For more information on this, see these articles:

Title: Lewy bodies in grafted neurons in subjects with Parkinson’s disease suggest host-to-graft disease propagation.
Authors: Li JY, Englund E, Holton JL, Soulet D, Hagell P, Lees AJ, Lashley T, Quinn NP, Rehncrona S, Björklund A, Widner H, Revesz T, Lindvall O, Brundin P.
Journal: Nature Medicine. 2008 May;14(5):501-3.
PMID: 18391963

Title: Lewy body pathology in long-term fetal nigral transplants: is Parkinson’s disease transmitted from one neural system to another?
Authors: Kordower JH, Brundin P.
Journal: Neuropsychopharmacology. 2009;3 (1):254.
PMID: 19079079 (this review article is freely available)
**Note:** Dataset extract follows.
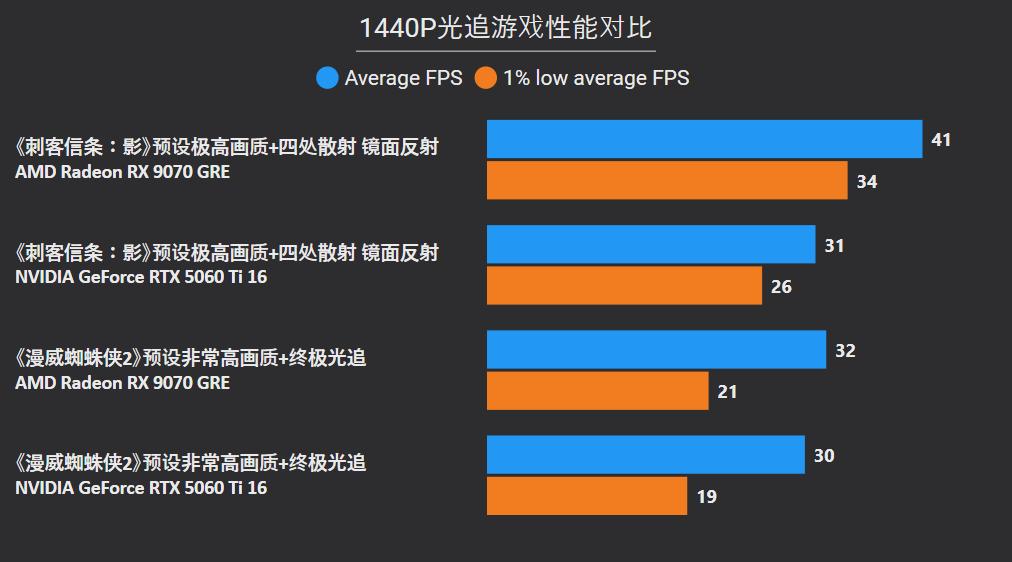 光追方面,除了上面的《毁灭战士:黑暗时代》是强制开启以外,还测试了两款可选择性,就更符合定位的2K分辨率而言,《毁灭战士:黑暗时代》和《刺客信条:影》RX 9070 GRE都可以领先30%以上,而《漫威蜘蛛侠2》由于光追强度太大,两款显卡都基本拉不开性能差距。

Thus it would appear that cell transplantation will not stop the disease. At best it will simply allow us to replace the lost cells and reverse some of the motor related features of the condition. Ideally, this approach would be conducted in concert with additional therapies that slow or halt the disease (such as a vaccine possibly).

What next for cell transplantation?

Given the moral and ethical issues surrounding the use of fetal tissue, research has shifted towards using embryonic stem (ES) cells and turning them into midbrain dopamine neurons. And the results here have been very promising, with recent reports suggesting that ES cells can be converted into dopamine neurons and transplanted into rodent models of Parkinson’s disease with equal efficiency to that of fetal midbrain tissue.

Grelish-title

Title: Human ESC-derived dopamine neurons show similar preclinical efficacy and potency to fetal neurons when grafted in a rat model of Parkinson’s disease.
Authors: Grealish S, Diguet E, Kirkeby A, Mattsson B, Heuer A, Bramoulle Y, Van Camp N, Perrier AL, Hantraye P, Björklund A, Parmar M.
Journal: Cell Stem Cell. 2014 Nov 6;15(5):653-65.
PMID: 25517469

The take home message regarding cell transplantation is that at present it represents one of the only ways to replace what has been lost, but as of yet there is not an approved protocol for this approach in humans. As we said above, at best this should be considered experimental, and individuals selling expensive procedures should be avoided. The future looks very bright for this field, however, and we will keep you updated as more information comes to hand.

EDITORIAL NOTE: Happy new year everyone! We look forward to bringing you all the exciting news related to the science of Parkinson’s disease in 2016.